The operating income increases from 2010 to 2013 as well. It shows that Dutch Lady is financially healthy and able to attract more investors to invest into the company.
The net income shows a significant growth from 2010-2013, where it doubled in just 4 years. It shows that Dutch Lady is healthy and is in growing trend and able to generate enough income to compensate the shareholders which would result in growth in share price of company thus increase the profit.
3.0 Balance Sheet
Dutch Lady Milk Industries Bhd
Balance Sheet
As of December 31 2010, 2011, 2012 and 2013
[pic 2]
[pic 3]
(Source: Bloomberg, 2014)
The total cash and short term investment increases from 2010 to 2012 and decreases by a little in year 2013. We see that this is because the profit generated from the past short term investment is received from 2010 to 2012 and there is no short term investment for the year 2013 but invested in trading securities. The cash and cash equivalent are used by Dutch Lady to maintain its liquidity to meet its liabilities.
The total receivable fluctuates from 2010 to 2013. The amount decreases from RM 70.3 million to RM 34.6 million and RM 14.2 million from 2010 to 2012 and increases to RM 35.5 million in 2013. This is due to the company entered into an arrangement with a licensed financial institution to enable certain trade customers to pay goods invoiced through a corporate purchasing card issued by the financial institution.
The net property and plant equipment shows a constant increment from 2010 to 2013, which is from RM 69.8 million to RM 71.6 million to RM 73.1 million and RM 77.2 million in respective years. We could say that it this all because of the expansion on premises of Dutch Lady Company.

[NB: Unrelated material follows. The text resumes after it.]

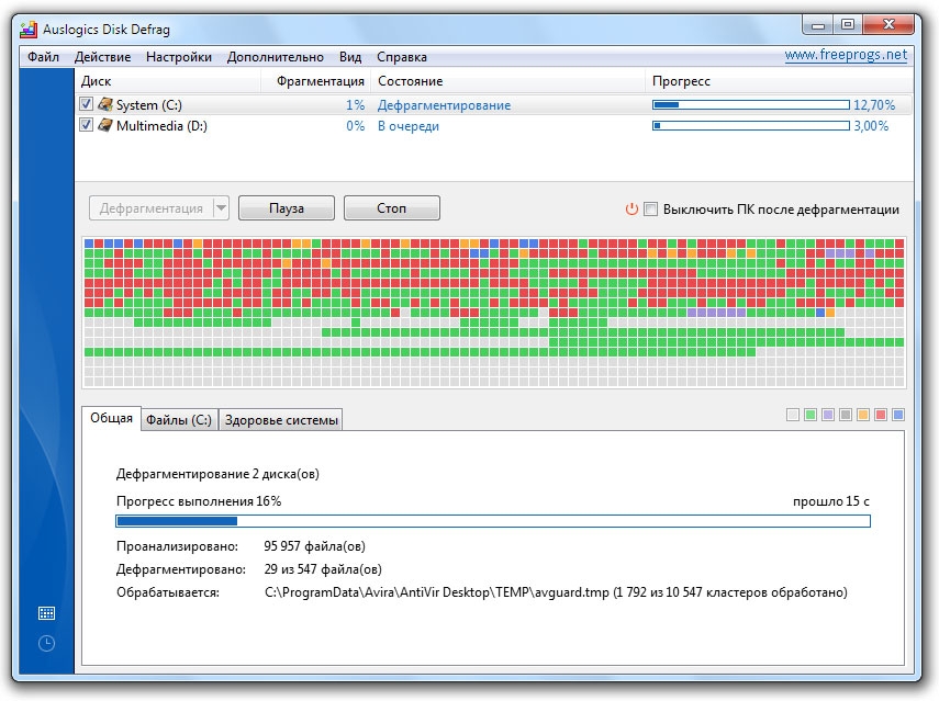 Автоматический режим работы Auslogics disk defrag использует период, когда система бездействует, и запускает процесс дефрагментации, не мешая работе других приложений.

As for total asset, there is a growth from 2010 to 2011, following by a slight decrease in 2012 and increment in 2013, which is from RM 307.5 million to RM 398.5 million to RM 382.8 million and RM 416.5 million respectively.
The trend line of account payable is increasing along the year. From year 2010 till year 2013, it increases from RM 72.6 million to RM 206.8 million. Account payable is what company owes to the suppliers or the vendors from which it buys inventory and other supplies. We saw that Dutch Lady has the amount increasing year by year is because the credit purchase was increased as it can be proved by the increment in inventory. Besides that, cost of raw material increased and it is being paid in USD also increase the account payable.